The other night, as I processed laundry in the basement, sorting soggy garments, transferring delicates to the drying rack and tossing un-delicates into the ancient Harvest Gold dryer, I found myself singing “Beautiful Savior,” a beloved old hymn from my childhood. It’s a lovely tune with resonant, comforting words. I can’t remember a time in my life where I didn’t yet know it.
It got me thinking.
My basement hymn-singing is one of my oldest habits, one of my first self-soothing strategies. As a girl, I was terrified of basements. The first had one friendly, semi-finished playroom, but also an unfinished concrete warren of scary furnace sounds and dark, spider-webbed corners. And once, a stray spark from the fireplace above fell through the hearth, smoldering in the ceiling below, nearly causing a devastating housefire and fusing my fear of basements with my even greater fear of fire. The second was darker, even scarier, with a terrifying octopus furnace from a long-gone era. When sent to these basements on errands for my mother, I took to singing or whistling “A Mighty Fortress is our God” while I scurried down and back, dragging my little brother with me if I could.
I used to sing all the time. In the shower, for a good 20 minutes to my girls at bedtime, as I cleaned and walked the dog and made supper in the kitchen. I knew the words to countless songs— folk songs and ballads, 60’s protest songs and protestant hymns, nursery rhymes and love songs—and accompanied myself during my days by singing them to a select audience of—myself.
I also listened to a lot of music, on CD, before that on cassette tape or LP. Music filled my life, informed my existence with singular energy and storytelling and metaphoric contemplation of various emotional and life states.
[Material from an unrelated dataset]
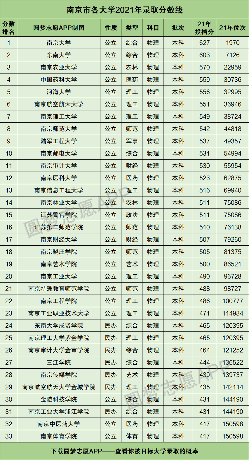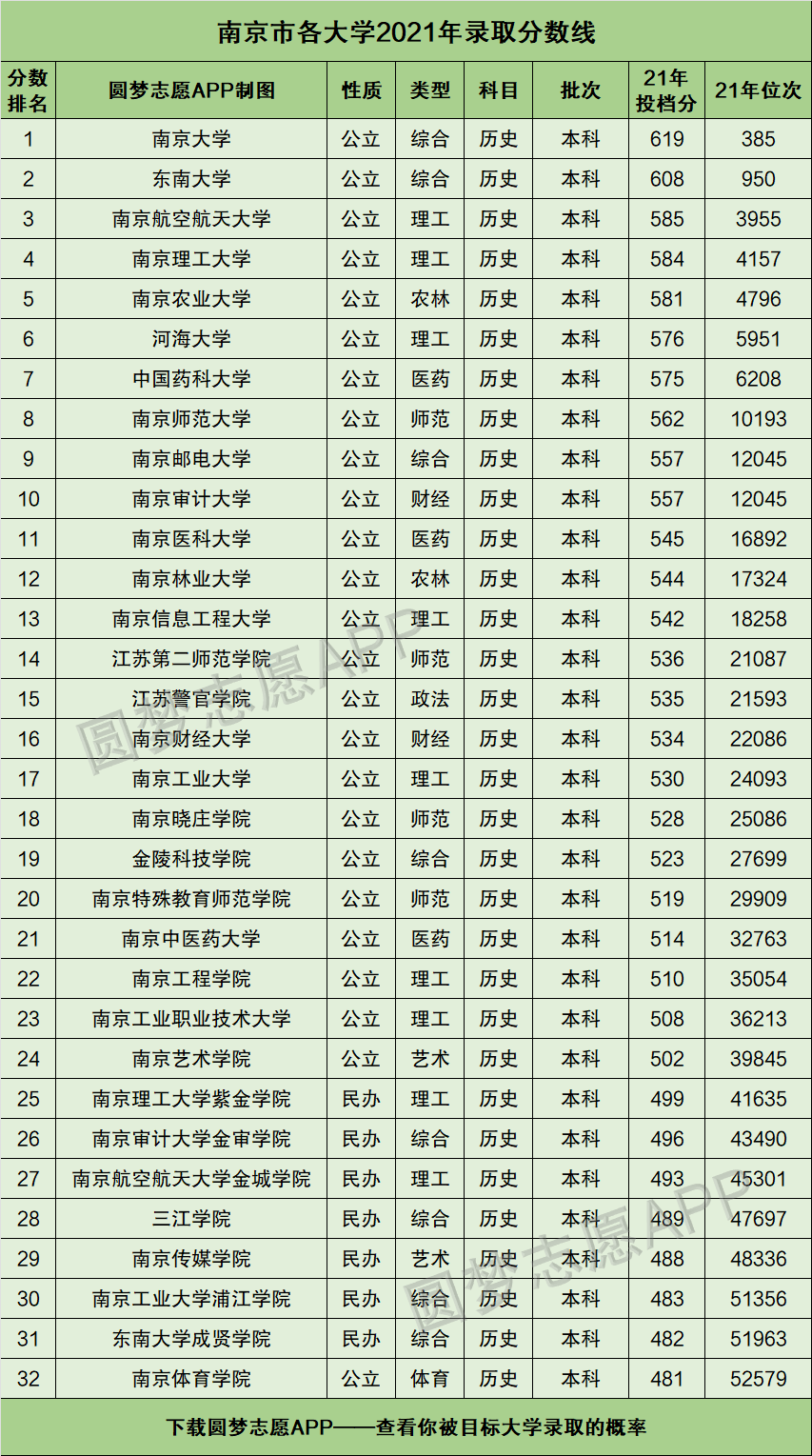 南京各个大学2021年最新录取分数线排名,是每一位南京即将参加2022年高考的同学所必备的资料。本文将为大家奉上这份数据,希望南京的每一位高三同学都能圆梦大学、被南京的好大学录取!

My housecleaning jumpstart song was The Pointer Sisters’ “Jump (For My Love),” my kitchen floor scrubbing soundtrack was provided on Saturday nights by Fiona Ritchie, Bruce was a great companion to all manner of chores.
And I have allowed this life-giving, sustaining music to largely leave my life.
About 10 years ago, I experienced a change in my voice, and not for the better; my awkward, limited range seemed to constrict further, and the top and bottom notes were even harder to eke out, making many of my favorite songs unsingable, even for myself. Gradually, I sang less and less. And listened less to music in the house, not wanting to disturb those working at the dining room table or slung across comfy living room chairs, (who had by now developed their own distinctive musical sensibilities and abilities), not wanting to bare, or perhaps declare, my own musical tastes.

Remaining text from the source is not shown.